In Louisville; Kentucky, a major malpractice case has been filed by a man who consented to a circumcision and instead discovered after the surgery that the doctors had amputated his penis. Philip Seaton has sued both the surgeon Dr. John Patterson and anesthesiologist, Dr. Oliver James. This is a recent example of the ongoing debate in torts over the scope of the “emergency rule” and authority of doctors to act without consent. Putting aside the sensational or gruesome elements, the case is highly illustrative of the problems in this area of torts.
Seaton consented to a circumcision, but the doctors claim that they found cancer and decided to proceed in the best interests of the patient. Not only did Seaton object that he should have been asked for such consent but he objects that he did not consent to the use of general anesthesia. Not surprisingly, he is seeking punitive damages.

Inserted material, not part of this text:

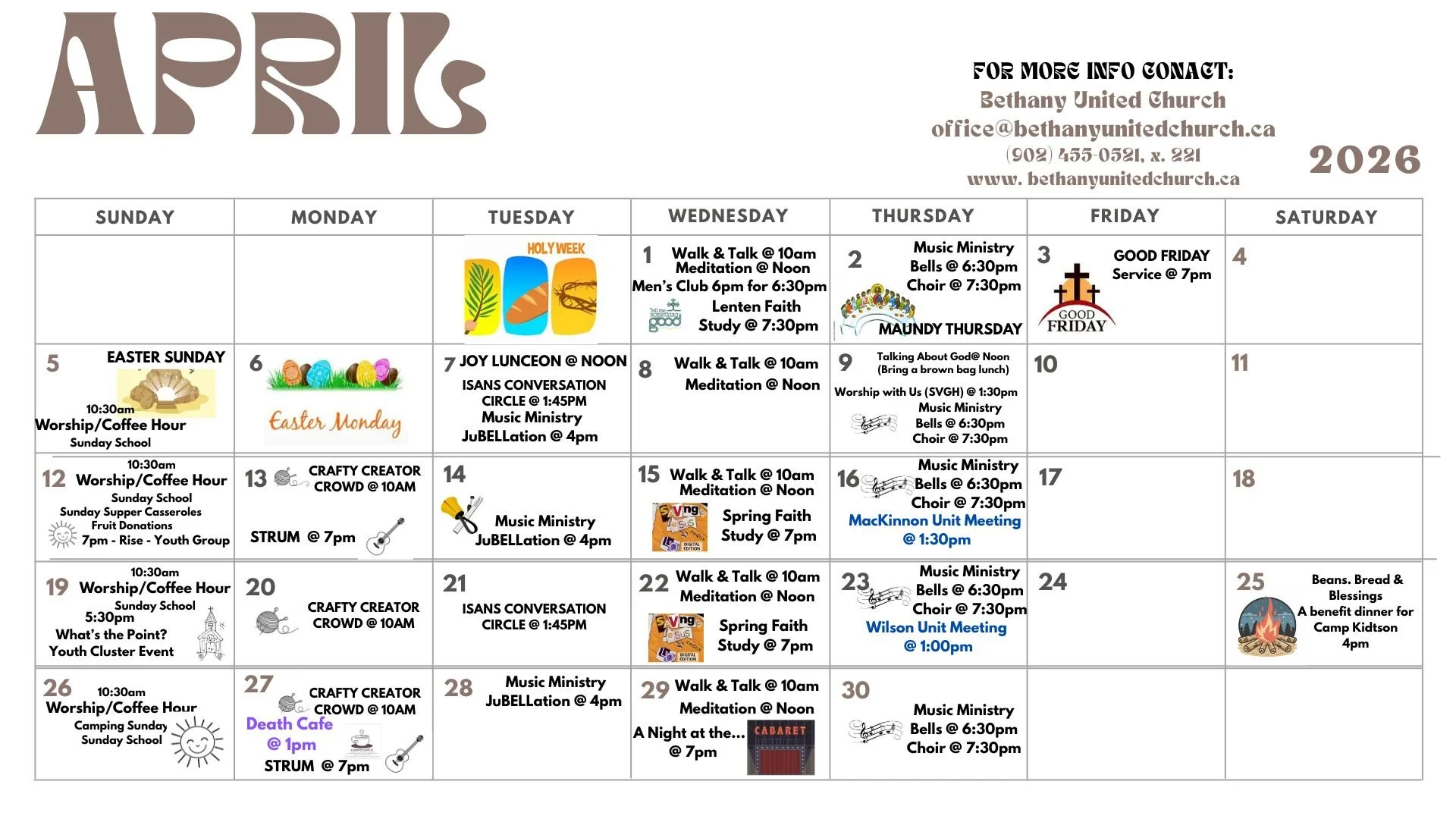 Sunday, April 12, 2026, is our next date to be meal makers. Fruit donations of apples, oranges, and pears are also needed. These items can be dropped off before or after our worship service the same day. (Please no bananas.)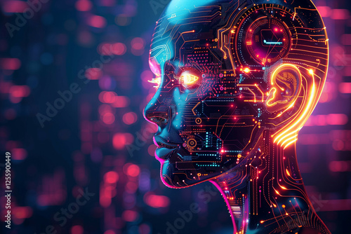 Futuristic digital rendering of a humanoid head profile with intricate circuit designs and glowing elements, set against a vibrant neon backdrop

This could make for an interesting case on the scope of the emergency rule, though I would bet on Seaton. Under the emergency rule, doctors can act without consent to stabilize a patient or to protect him from imminent serious injury or death if he lacks the capacity or consciousness to make the decision. However, the rule is limited. If a patient can be stabilized without serious risk, he should be given the opportunity to decide the matter for himself. In this case, it is unclear why such steps were not taken. The risk of putting someone under anesthesia twice is generally not sufficient to negate consent.
One of the best known cases in this area is Mohr v.Williams, a 1905 case out of Minnesota. In that case, a surgeon and a family doctor elected to do surgery on the left ear of Ms. Mohr, who gave consent for surgery on her right ear. The doctors had not fully inspected the other ear until the surgery and decided that it was in worse shape. The Court held that, even if the operation were successful, it still constitutes battery since they lacked consent for that surgery.
Seaton clearly has the advantage here and the issue will come down to the waiver form that he signed before the surgery. Those forms are occasionally set aside by courts, but often contain sweeping consent for doctors. Even if the forms are not a defense, the doctors may claim consent in there conferral with the patient.